The principal question discussed was whether unsevered fructusindustriales passed in a sheriff's deed as a fixture or appurtenance, when it was the lessor's share of a crop. Nowhere in the case does it appear the matter was governed by a statute, and the decision was strictly in accord with the common-law rule. The case cited, while excellent authority on the issue considered, is useless for the purposes of the present case.

It is argued, however, that Clarke v. Cobb, supra, limits the exception of the statute strictly to cases where the rent accrues during the period between the sale and the expiration of the right of redemption, and it is claimed that, as in the present case, the rent did not accrue until after the right of redemption expired and title became perfected in defendant by a sheriff's deed, it does not fall within the language of the exception, and the common-law rule therefore applies. It is true the rent in Clarke v. Cobb, supra, accrued during the period between the sale and the expiration of the right of redemption, and before the sheriff's deed was issued, and the court limited its express holding to such a state of facts.

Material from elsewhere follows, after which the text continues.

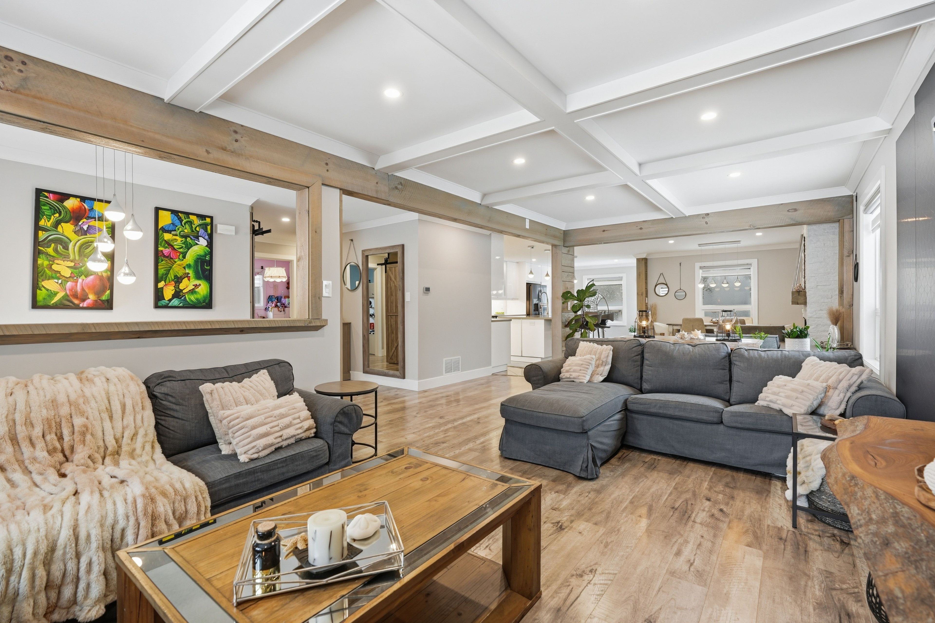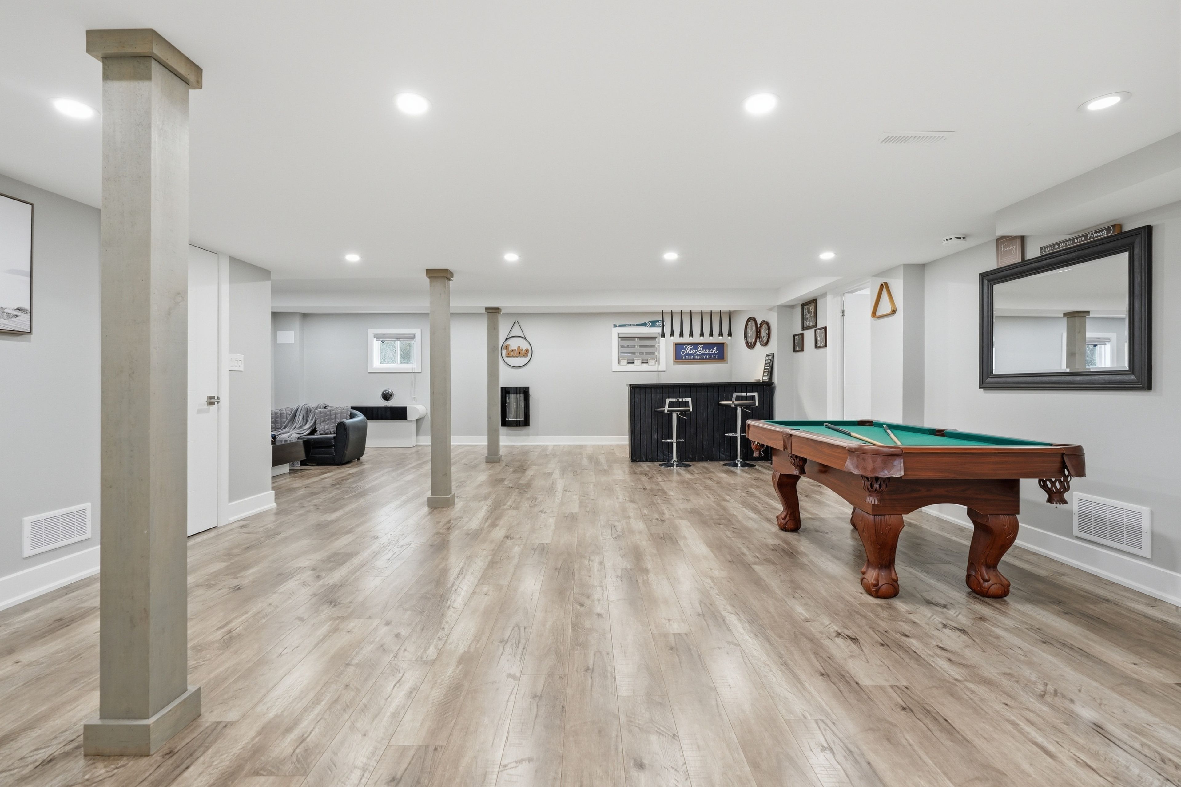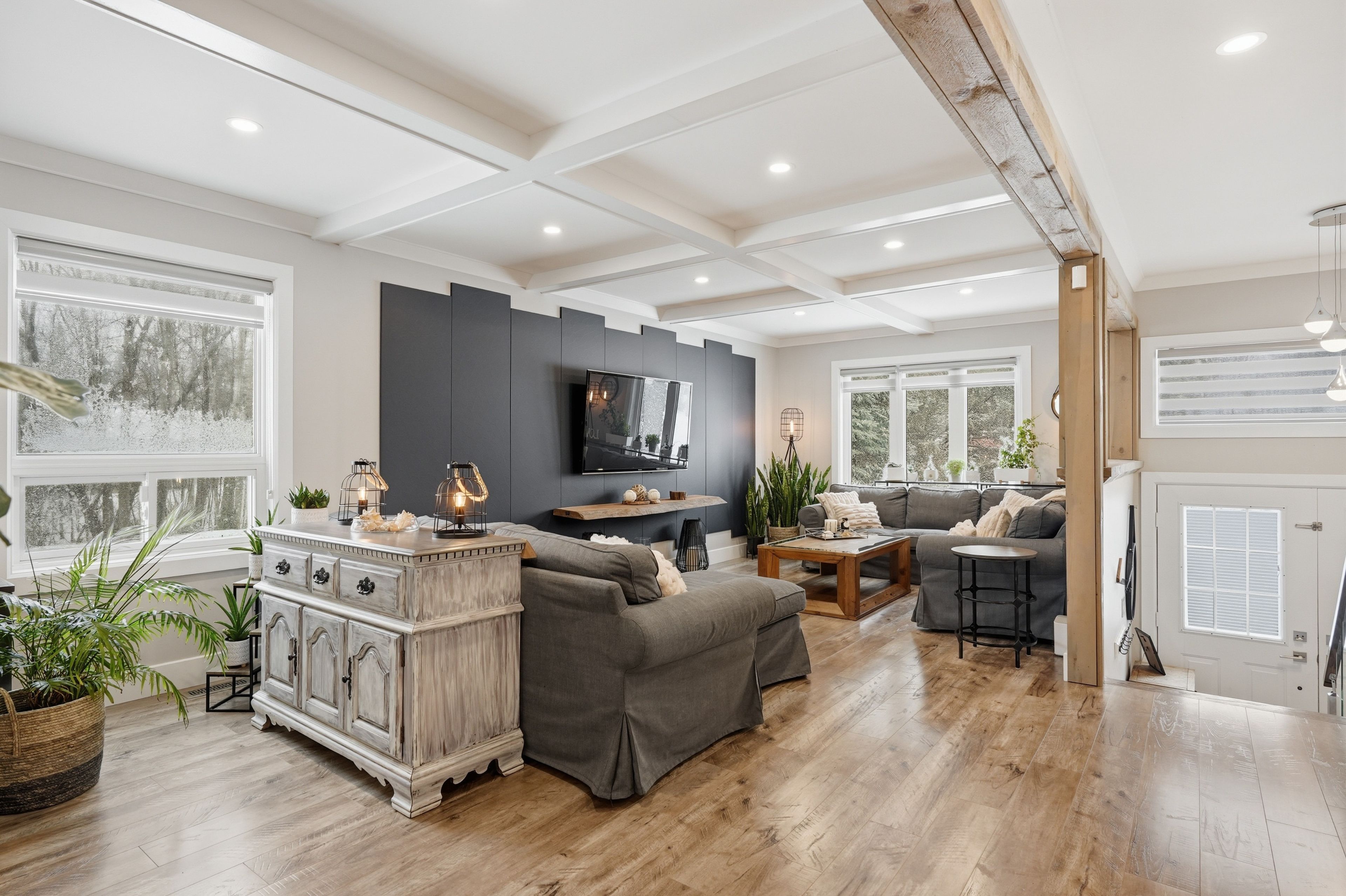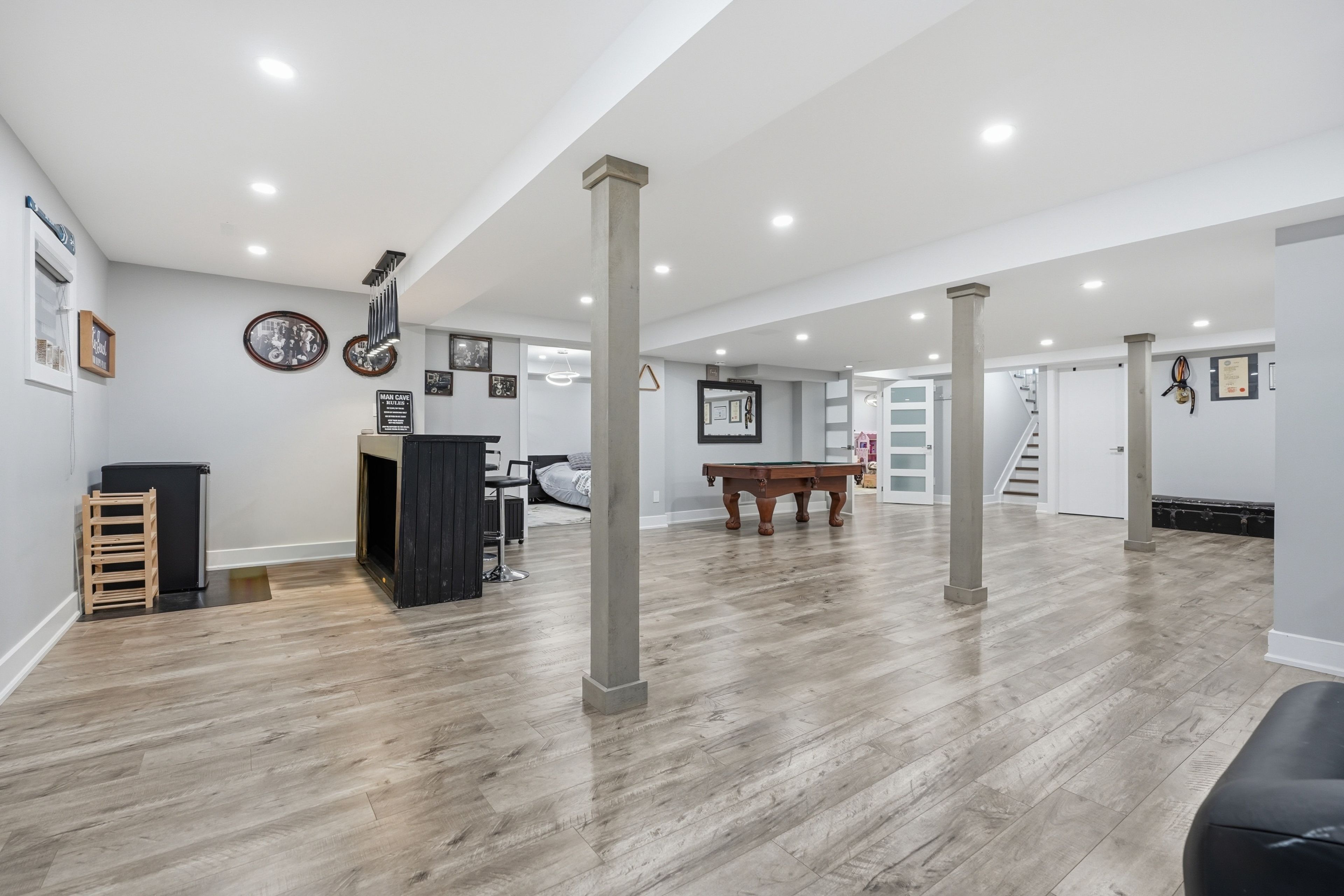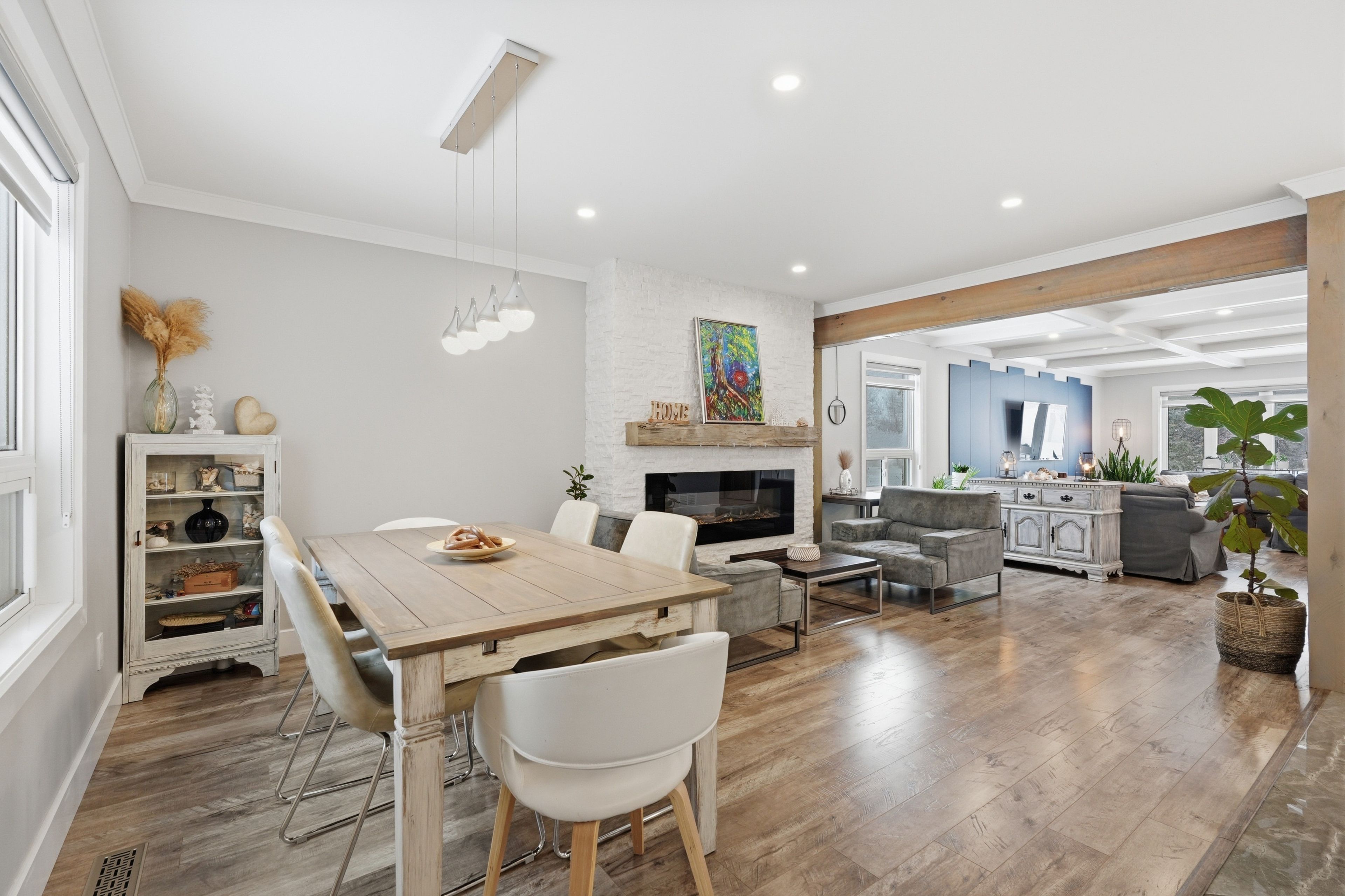 Nestled in one of wasaga beach's most sought-after neighbourhoods, this beautifully updated bungalow offers the perfect blend of nature, community, and refined comfort. Just moments from beach 1 and surrounded by mature trees, scenic trails, and welcoming neighbours, this home delivers a serene lifestyle without compromising everyday convenience. Set proudly on a premium corner lot backing onto a quiet cul-de-sac, the home enjoys a rare sense of privacy while remaining steps to trails, parks, schools, and everything wasaga beach has to offer. This property presents an exceptional balance of nature and modern living. Inside, the home has been completely reimagined with a clean and timeless finishes. A stunning, fully renovated kitchen anchors the main level, showcasing upgraded appliances, sleek finishes, and a seamless flow into the open-concept living and dining area. Enhanced by stylish pot lights and new flooring throughout, the space feels bright, cohesive, and effortlessly inviting. Thoughtful upgrades continue with beautifully renovated spa like bathrooms, impressive coffered ceiling, incredible feature fireplace wall, designer lighting, tall baseboards, a newer roof, and a newly built deck, offering true turn-key peace of mind. Offering 5 bedrooms and 3 bathrooms, over 3200 sq ft. Of well-appointed living space, designed for both comfort and functionality. The fully finished lower level extends the home's versatility, featuring a spacious rec room, games area, full bathroom, and two bedrooms. Outdoors, the property is equally impressive, complete with an in ground sprinkler system for low-maintenance landscaping. A wide driveway and double-car garage provide ample parking and storage, catering to both everyday living and entertaining needs. Combining thoughtful upgrades, a prime location, and exceptional versatility, this home stands as a rare opportunity in wasaga beach offering a lifestyle defined by comfort, convenience, and connection to nature.

The reasoning of the case and the language of the statute seem, however, to indicate that the same principle applies when the rent is not due until after the period of redemption expires. On examining the statute carefully, it appears the primary object thereof was to change the old rule that rent could not be apportioned, and that it followed the legal title at the time it was due, to the principle that it was apportionable on the basis of the title at the time it was earned.

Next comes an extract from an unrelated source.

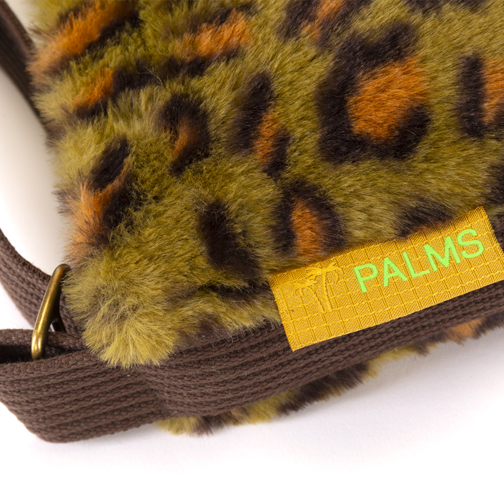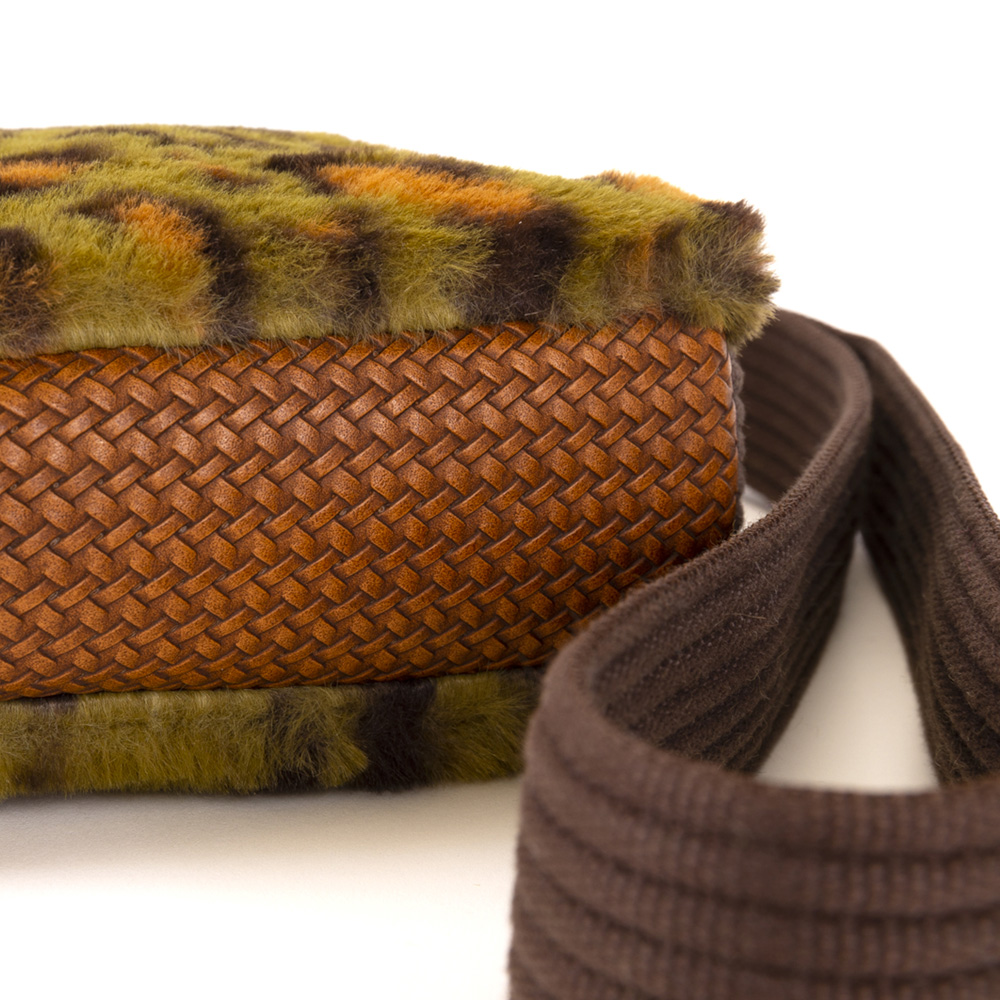 PALMS Mini Bag, zu tragen als kleine Umhängetasche oder als Cross Bag. In einem kuscheligem grünen Leo-Plüsch. Passend dazu ein längenverstellbarer Tragegurt in einem warmen Braunton. Der Boden ist aus Kunstleder in Fischgrätoptik. Beige gefüttert mit einem wasserabweisenden Nylon Material.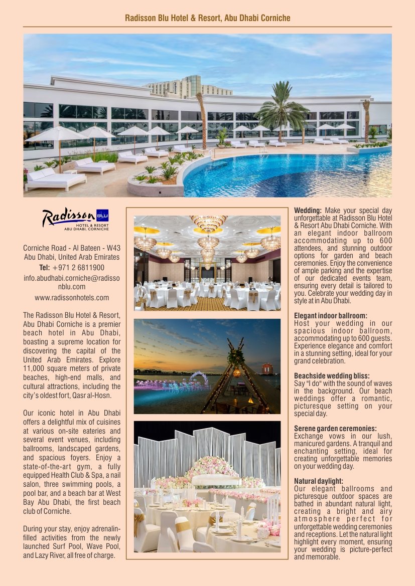 Wedding: Make your special day unforgettable at Radisson Blu Hotel & Resort Abu Dhabi Corniche. With an elegant indoor ballroom accommodating up to 600 attendees, and stunning outdoor options for garden and beach ceremonies. Enjoy the convenience of ample parking and the expertise of our dedicated events team, ensuring every detail is tailored to you. Celebrate your wedding day in style at in Abu Dhabi.

Under the law of foreclosure up to the time of the sale of the property, the mortgagor holds both the legal and equitable titles. When the sale is made, the equitable title passes to the purchaser, subject to defeasance *444 by redemption within the statutory period. Duprey v. Moran,4 Cal. 196; Harris v. Mason, 120 Tenn. 668, 25 L.R.A. (N.S.) 1011, 115 S.W. 1146; Mau, Sadler Co. v. Kearney, 143 Cal. 506, 77 P. 411. If there is no redemption, the sheriff's deed completes the legal title of the purchaser. 23 C.J. 730. If a redemptioner appear, the purchaser loses all title, legal and equitable, in the property, which passes to the former. Bagley v. Ward, 37 Cal. 121, 99 Am. Dec. 256. That the legislature intended the earned rent to follow the complete title is shown by the remainder of the statute cited, which provides that, in case of a redemption, the purchaser accounts to the redemptioner for the rents collected during the time the former held the certificate of sale. In other words, while the mortgagor holds both legal and equitable titles, he is entitled to the rent earned; when he loses the equitable title, the earned rent goes to the one who has purchased it, and who presumably will eventually secure the legal title also. Should there be a redemption, however, and both legal and equitable title pass to someone else, that person receives the rent, dating back to the time when the mortgagor no longer held both titles. The rent thus belongs eventually to the ultimate holder of both the legal and equitable titles, according to the time it was earned. This conclusion is in consonance with the language and apparent intent of the statute, and with the dictates of common sense, if we are to assume that rent may ever be apportioned.

We hold, therefore, that the intent of the statute is to apportion the rent in cases of foreclosure of a mortgage to the ultimate holders of both legal and equitable titles, as of the time it was earned, discarding the common-law doctrine that it was to be paid to the legal owner as of the date it was due. Since plaintiffs held both titles to the date of sale, the trial *445 court correctly held they were entitled to their proportionate share of the rent.

The judgment is affirmed.

ROSS, C.J., and McALISTER, J., concur.